The Hill: The ‘competitor’s veto’ is killing entrepreneurship — but that may end this year

April 08, 2019 | By ANASTASIA BODEN

This article was originally published by The Hill on April 8, 2019. 

It’s true that businesses never welcome competition, but imagine if they had the statutory authority to shut out new enterprises. That twisted scenario is reality in over half of states, where entrepreneurs in the medical and transportation industries essentially must ask their competitors for permission before starting up. Predictably, the incumbents usually say no, invoking a little known regulation called a Certificate of Need (CON) law.

The way a CON law typically works is that a person who seeks to start a business must first notify all existing businesses in the same industry that they’re applying for a license. The existing businesses can protest the application, which triggers a hearing. At the hearing, the applicant must prove to state authorities that the proposed business is “necessary.”

The problem is that the only way to show that products or services are necessary — particularly if they are new or innovative — is to offer them and find out. The market allows entrepreneurs to discover whether their services are necessary through experimentation. Even the most prescient entrepreneurs cannot be certain the market will sustain them. CON laws thus send applicants on a fool’s errand, asking them to prove something that cannot be proven in advance.

Moreover, even if one musters some supposed evidence of necessity, the existing businesses can testify in opposition that a new business is not necessary because they could serve any demand. As a result, protested applications are almost always denied. A federal trial court in Kentucky aptly described the CON law process as the “competitor’s veto” when striking it down as unconstitutional in a lawsuit brought by Pacific Legal Foundation.

Although CON laws started in the transportation industry, in 35 states they also apply to medical services.

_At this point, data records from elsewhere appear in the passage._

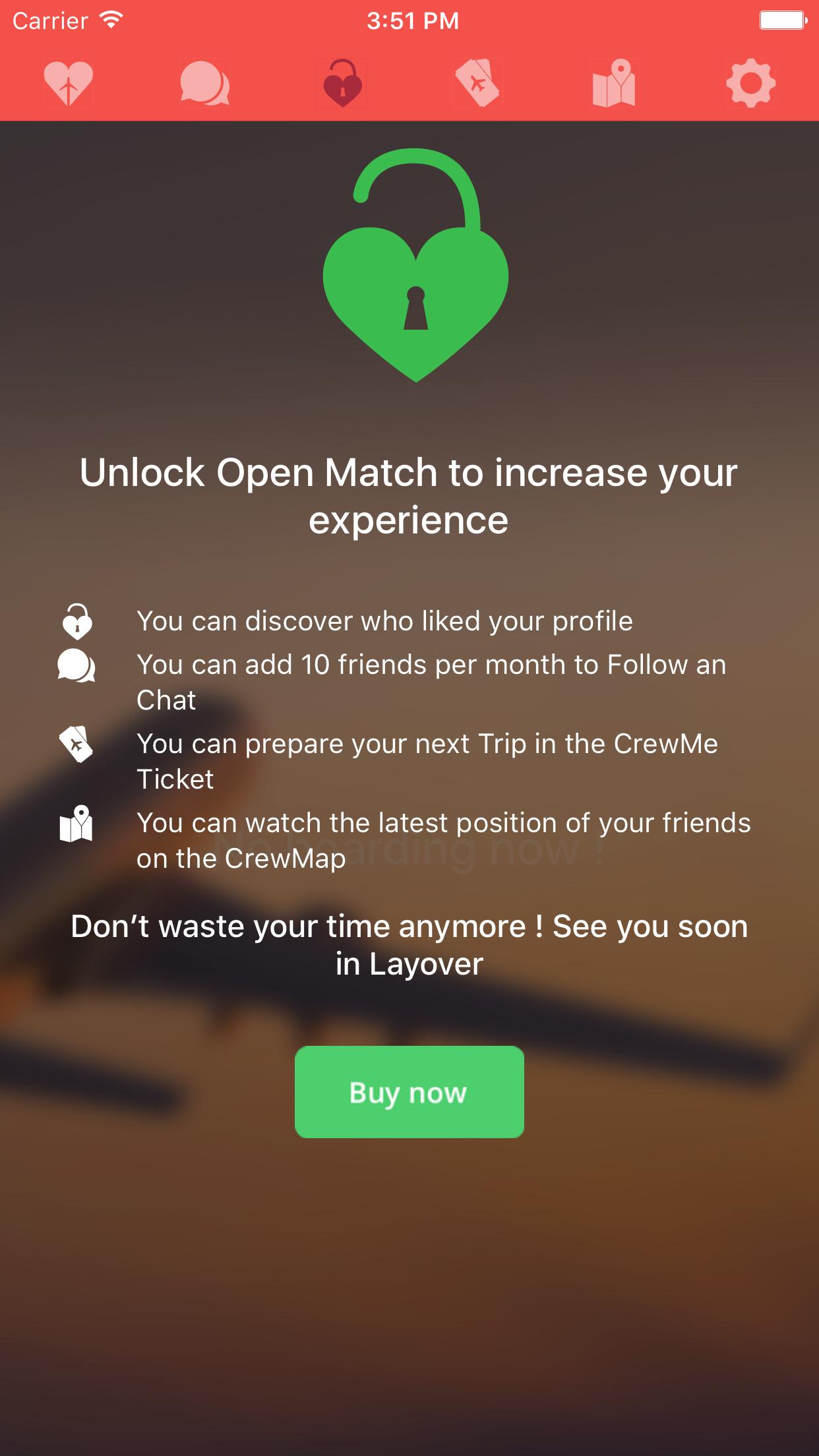 想想更新您的信息(照片,搜索區,搜索,航空公司公司...)。然後享受我們的應用程序!向右滑動,要喜歡或不喜歡!
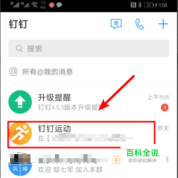 我们打开自己的手机,找到钉钉应用进入。在最近的消息中,可以看到钉钉运动的选项,我们点击进入。
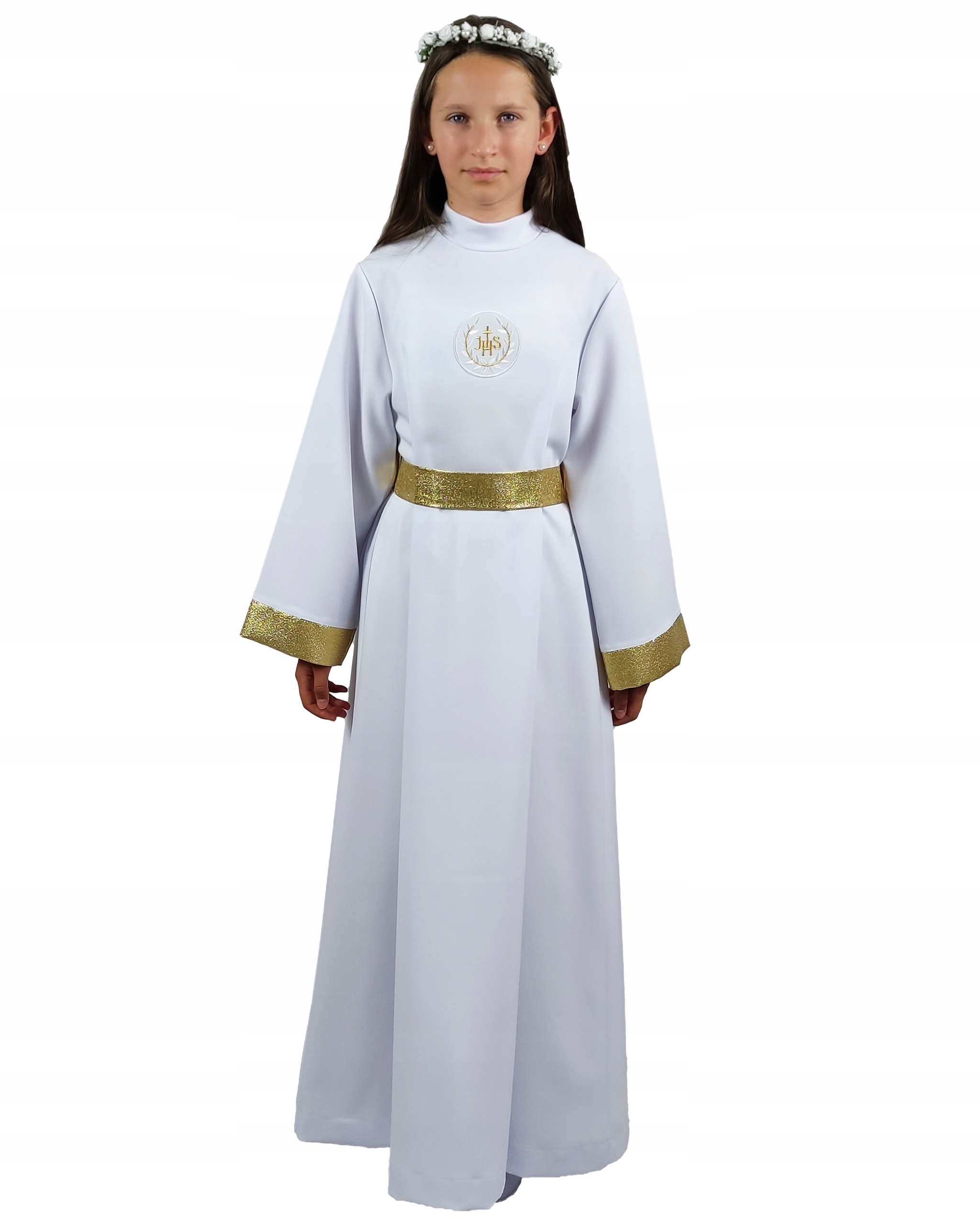 Безупречно-белый альб простого кроя – базовый наряд для Первого Причастия.
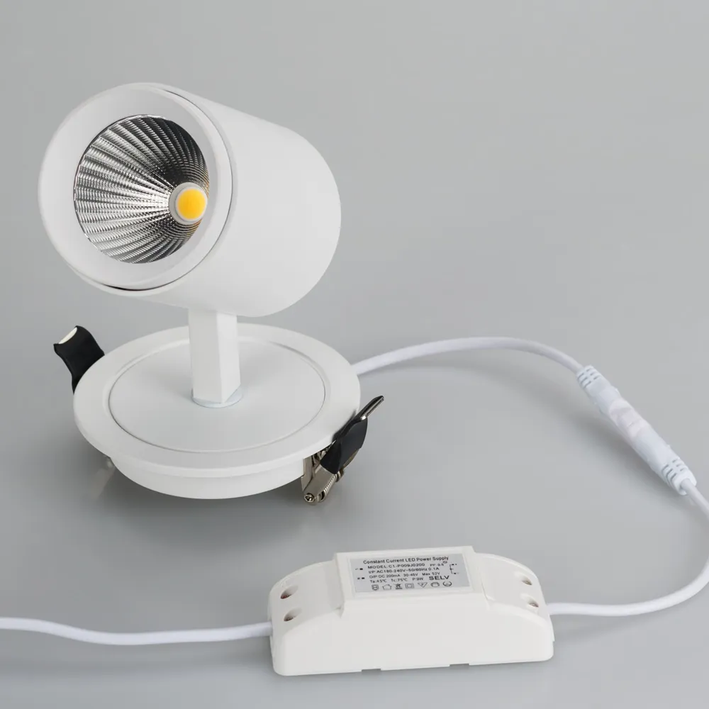 Встраиваемый поворотный светильник для потолка. Светодиод 9W, цвет БЕЛЫЙ 6000K, св.поток 600лм, угол 25°, RA>80. Корпус белый. Мощность 9Вт, питание AC180-240V. Размеры ØDxLxH 62x91x95мм. Установка в отверстие 80мм. Драйвер в комплекте (30-45V 200mA).
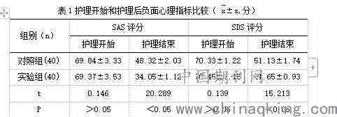 护理开始两组负面心理指标比较,P>0.05,而护理结束实验组负面心理指标优化程度大于对照组优化的程度,P<0.05。如表1.
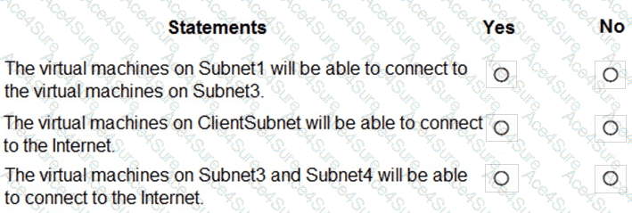 You are evaluating the connectivity between the virtual machines after the planned implementation of the Azure networking infrastructure.
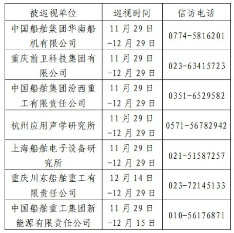 根據(jù)中國(guó)船舶集團(tuán)黨組2023年第二輪巡視工作部署,截至2023年11月29日,巡視工作已經(jīng)鋪開(kāi)。其中,對(duì)中國(guó)船舶集團(tuán)華南船機(jī)有限公司、重慶前衛(wèi)科技集團(tuán)有限公司、中國(guó)船舶集團(tuán)汾西重工有限責(zé)任公司、杭州應(yīng)用聲學(xué)研究所、上海船舶電子設(shè)備研究所等5家單位開(kāi)展常規(guī)巡視,對(duì)重慶川東船舶重工有限責(zé)任公司、中國(guó)船舶重工集團(tuán)新能源有限責(zé)任公司等2家單位開(kāi)展專(zhuān)項(xiàng)巡視。

This means that in over half of states, practitioners must undergo the expensive and often futile CON law process before adding hospital beds, purchasing medical equipment, opening a birthing center, or providing mental health services. Stories of CON laws preventing entrepreneurs from providing innovative (and lower cost) medical services — such as virtual colonoscopieslaparoscopic surgery, and newborn intensive care unit centers — are well documented.

CON laws, therefore, do not just harm economic opportunity; they jeopardize people’s lives. A doctor in Virginia, for example, recently was denied the ability to offer non-invasive virtual colonoscopies because a competitor protested his application. Colorectal cancers kill more than 50,000 Americans each year, but they are treatable if caught early. The new technology would have made colonoscopies quicker and easier, thereby encouraging people to get screened. Thanks to the state’s CON law, however, Virginians were denied access to that important technology.

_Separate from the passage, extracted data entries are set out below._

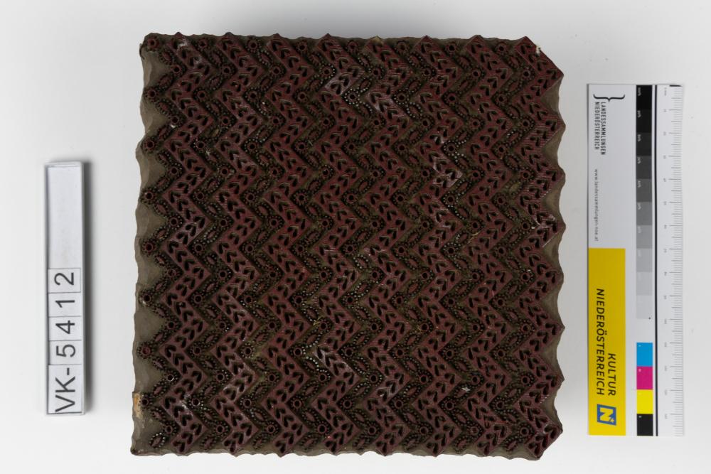 Färbermodel aus Holz mit eingeschlagenen Metallstiften auf einer Trägerplatte mit zwei Kerben. Druckmuster: Zickzack-Linien mit Herzen, dazwischen geometrische Elemente mit Pünktchen, (Muster Nr. 1 des Druckers), mit Resten roter Farbe.
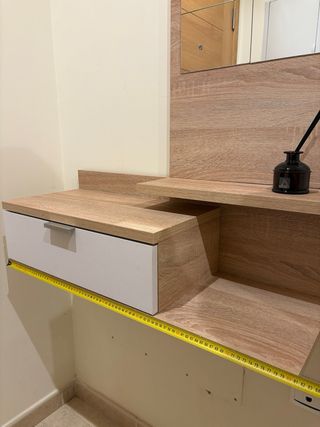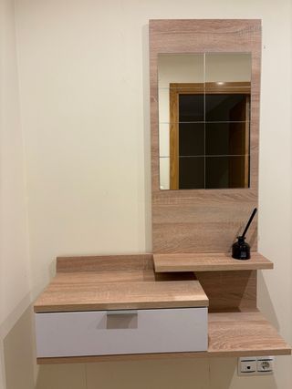 Mueble de recibidor con un diseño moderno y funcional. - Acabado en madera clara. - Cajón blanco. - Espejo integrado con marco de madera. - Estante superior. - Estante inferior. -Las medidas aparecen en las fotos. - Tiene 30 cm de fondo.
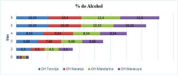 Las muestras evaluadas mostraron una variación en la evolución del grado alcohólico, específicamente en el tercer y cuarto día en los casos del vino de Toronja y Naranja y mantuvieron su balance en los casos de Mandarina y Maracuyá. Sin embargo, el grado alcohólico al final es menor en los dos primeros casos (Vino de Toronja y Naranja).
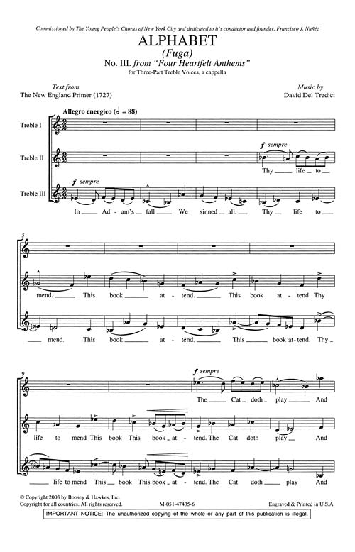 David Del Tredici writes: My setting of the 1727 New England Primer's Alphabet might horrify its Puritan author by transforming its simple text into an exuberant tour de force. Its 26 couplets tumble upon one another in tight three-part counterpoint, testing the young performers' range and endurance alike.
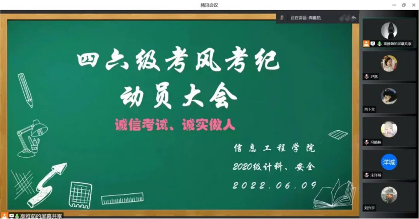 二、国家考风考纪动员大会。对于即将到来的四六级英语考试,我院考生学子应形成良好的考试纪律,树立良好的学风,确保考试质量,提高考试的社会信誉,严肃考风考纪,树立良好的学习风气,是维护教育考试信誉、选拔优秀合格人才根本的所在。“诚信做人 诚信考试”考试不仅将检测考生的学习成果,本身也是对考生诚信的考验,良好的考风考纪,是一个学校形象的象征,同时也是作为我们信息工程学院中一员的诚信体现,作为一名新时代大学生,应严于律己,言行一致,作业和考试中求真求实,不抄袭、不作弊,以诚信做人作为新时代青年学子立足于社会的准则。
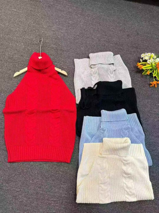 辣妹露背春夏秋冬高领性感无袖针织套头毛衣,面料质感很好百搭大货干净带独立包装,均码五个颜色一共280件,全清价:7.5元
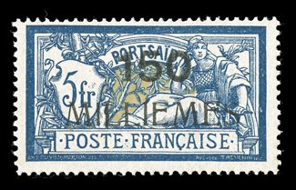 68 og 51 var. - 55 var. 51 var.-55 var., 1921 15m on 40c to 150m on 5Fr Surcharges, with 1 for I in MILLIEMES cplt., singles of each except 15m on 50c is a bottom sheet-margin horizontal pair with
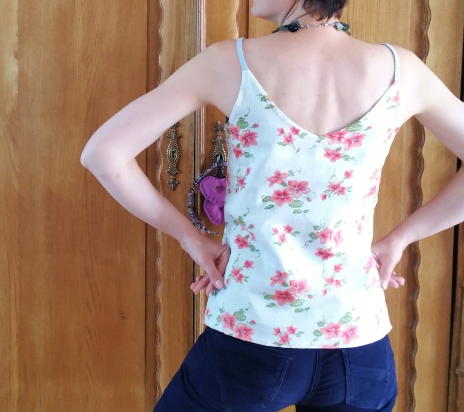 Bref, j’ai tout de même 4 hauts de plus! Ce aime comme miss est vraiment facile et rapide à coudre…. de plus, il se porte sans sous-tif même si je n’ai pas trop osé sur les photos…. A vous de jouer sur la longueur des bretelles afin qu’il ne soit pas « trop » décolleté ou creuser un peu plus le « V » dans le dos!!
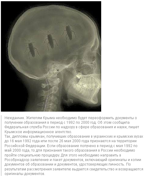 свежак из севастополя. у подружки туда со львова поехала мама. она русская, родилась в россии и очень любила путина. ехала решить вопросы с квартирами. про отказ от российского гражданства даже не заикалась.погуляла по городу и.. решила оставить себе гражданство украины) весь севастополь в российских флагах и картинках украины в колючей проволо е и свастике. народ в глубоком оргазме,что их спасли от фашизма. купить валюту можно ТОЛЬКО в банке по заявлению через две недели после написания заявления. только гривны и рубли. все депозиты в гривнях им дадут по курсу в рублях. когда не известно. пенсию ей дали врублях по курсу,но всем обещают на 25% каждый месяц увеличивать. они и так рады.цены на все поднялись. картошка 28 руб или 9 грн.поезда ходят ТОЛЬКО до 25/05. после этого в крым можно будет приехать по слухам только через россию. самое ржачное))) она купила местную комсомолку крыма. там ей сообщили,что всего 1000 человек на весь крым как и она отказалась от российского гражданства,что скорее всего это бандеровцы и каждым займется фсб. мама в шоке! плачет,что она уже не может любить россию и весь мир рухнул.
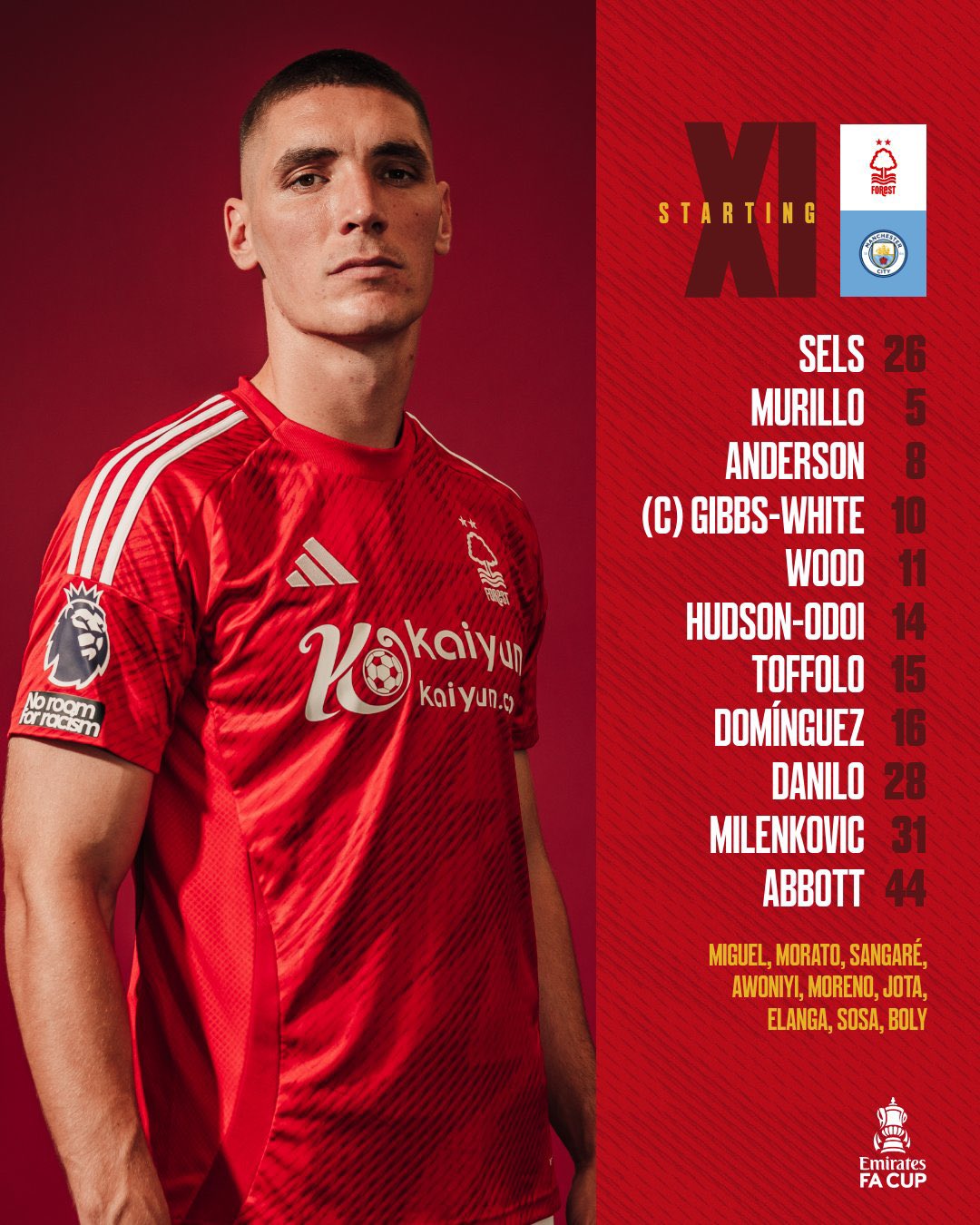 - تشكيل نوتينجهام فورست الرسمي ضد مانشستر سيتي في نصف نهائي كأس الاتحاد الإنجليزي

It’s no surprise that by stifling competition, CON laws restrict access to medical services. A recent report found that counties with CON laws for ambulances experience higher wait times compared to others with open competition. A growing body of research confirms that CON laws decrease the supply of services but do nothing to improve the quality of service.

The good news is that several states are considering repealing their CON laws this year. The bad news is that it’s difficult to get these laws off the books, given the medical industry’s support of the CON system. Alaska legislators are seeking to repeal their CON law for medical services for the third year in a row. The past two attempts failed in part because of staunch opposition from the nursing and hospital interest groups.

Maryland and South Carolina also are considering getting rid of their CON laws. The latter’s program almost ended in 2013 when former Gov. Nikki Haley defunded it, but it was saved after state hospitals successfully argued in court that the legislature, not the governor, was responsible for ending the program. This year, the legislature sought to do just that (notably, the state hospital association opposes the move).

Georgia, too, is considering repealing its CON law after a lawsuit failed to do the same last year. Because judges are notoriously deferential to the legislature’s judgment about economic regulations, CON laws are surprisingly difficult to get struck down in court. Georgia’s legislative effort may be able to accomplish what the lawsuit could not.

Kansas is considering repealing its CON for transportation services such as moving and taxi companies. And Missouri, Oregon, Montana and West Virginia repealed transportation CON laws in recent years following constitutional lawsuits. The transportation industry has provided a vital path to entrepreneurship for people with fewer skills and less capital. But transportation CONs persist in over 30 states, depriving people of one of the first rungs on the ladder to economic opportunity.

CON laws are antithetical to the American dream, and demonstrably harmful to consumers. Whether by lawsuit or legislative change, it’s time for them to end.